In the English language some of the greatest pastoral elegies are "Adonaïs" by Percy Bysshe Shelley, which mourns the death of poet John Keats, and "Thyrsis" by Matthew Arnold, which mourns the poet Arthur Hugh Clough. In 17th century England, Andrew Marvell was a great exponent of the pastoral form, contributing such works as "The Nymph Complaining for the Death of her Faun." In this poem, a nymph or spirit of nature speaks an elegy for her dead pet deer.[9]

The pastoral elegy in contemporary poetry

Pastoral elegy poetry flourished in Europe between the Renaissance and the 19th century. However, modern poets, such as J.V. Cunningham and Alan Dugan, have re-imaged the elegy in both subject and form, and pastoral elegies have recently shown up in more satirical forms. However, other modern poets, such as William Carlos Williams and W. H. Auden, have written poems that maintain the traditional form and features of the pastoral elegy. Andrew Hudgins has an interesting elegy in which he mourns the lonely gap that exists between him and his still-living father.[10]

The poem is considered an elegy in the original sense of the Greek word elegeia, because it laments the fact that the father and son diverge in life, so they will most likely diverge in death as well. Though in its prime, the pastoral elegy had wide appeal, it is now sometimes considered dead.

Examples of definitive pastoral elegies


Written by John Milton, "Lycidas" is a pastoral elegy that first appeared in a 1638 collection of elegies in English and Latin entitled Justa Edouardo King Naufrago. Lycidas serves as Milton's commemoration of his Cambridge college mate, Edward King, who drowned when his ship sank off the coast of Wales in August 1637.[11]

In the poem, Milton gives King the name Lycidas, a common name for shepherds in the pastoral poetry of both Theocritus and Virgil. King was both a poet and an aspiring minister, who had died on his way to Ireland to take up a religious posting. Milton uses the shepherd's traditional association with both the poet and the minister to portray the death of King as a grievous waste of poetic and spiritual potential.

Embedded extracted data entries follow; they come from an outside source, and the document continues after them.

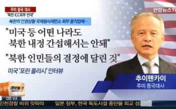 주미 중국대사 북한 ICC 회부 반대, "어떤 나라도 북한 내정 간섭해선 안 돼" 주장
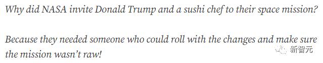 「为什么NASA要邀请特朗普和一个寿司大厨去参与他们的太空项目?因为NASA需要有人来应付变化,并且确保任务不夹生!」
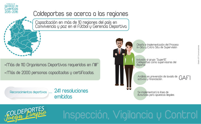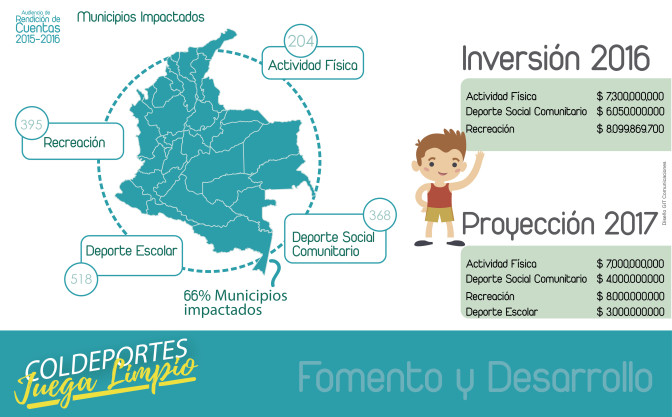 En cumplimiento de la Estrategia de Rendición de Cuentas orientada hacia los ciudadanos y grupos de interés, Coldeportes ha publicado los informes de gestión de lo corrido durante 2016, con corte a 31 de agosto. Una vez hecha la consulta, los invitamos a participar del foro habilitado y en la encuesta. Los resultados serán socializados durante la Audiencia Pública de Rendición de Cuentas de la entidad, programada para el próximo 25 de octubre.

Milton's persona is the "uncouth swain," a rustic shepherd with lofty poetic aspirations. The poet engages intensely with the pastoral tradition as he works through the crisis King's death evidently posed for him, considering the similarities between Milton and King.[8]

In its opening, "Lycidas" reflects the typical pastoral image of nature and country life tarnished by death. The swain describes seeing laurels and “Myrtle brown, with ivy never-sear,” an image of peace and tranquility that is disturbed when the speaker announces the death of Lycidas. This marks the beginning of the elegy and its subsequent presence throughout the poem. The poem rehearses the typical conventions of the pastoral elegy: nature's lament, the questioning of nymphs, repeated invocations of the muses, descriptions of flowers, and an apotheosis of the deceased. A series of other speakers interrupt the swain's mourning to interject their own thoughts and concerns into the poem. These speakers include Phoebus, the classical sun god, who also represents poetry; and "the pilot of the Galilean Sea," St. Peter, whose "dread voice" momentarily banishes the pastoral mood of the poem while prophesying against the "corrupted clergy" of the Laudian church in England. The balance between conventional pastoral imagery and these other elements has, over time, created the impression that Lycidas is one of the most innovative pastoral elegies.[11]

In "The Life of Milton," the 18th-century literary critic and polymath Samuel Johnson infamously called the pastoral form "easy, vulgar, and therefore disgusting," and said of "Lycidas":

It is not to be considered as the effusion of real passion; for passion runs not after remote allusions and obscure opinions. Passion plucks no berries from the myrtle and ivy, nor calls upon Arethuse and Mincius, nor tells of rough satyrs and fauns with cloven heel. Where there is leisure for fiction there is little grief.[12]

Johnson was reacting to what he saw as the irrelevance of the pastoral idiom in Milton's age and his own, and to its ineffectiveness at conveying genuine emotion. Johnson said that conventional pastoral images—for instance, the representation of the speaker and the deceased as shepherds—were "long ago exhausted," and so improbable that they "always forces dissatisfaction on the mind." Johnson also criticized the blending of Christian and pagan images and themes in "Lyciads," which he saw as the poem's "grosser fault." He said "Lycidas" positions the “trifling fictions” of “heathen deities—Jove and Pheobus, Neptune and Æolus” alongside “the most awful and sacred truths, such as ought never to be polluted with such irreverend combinations.[12]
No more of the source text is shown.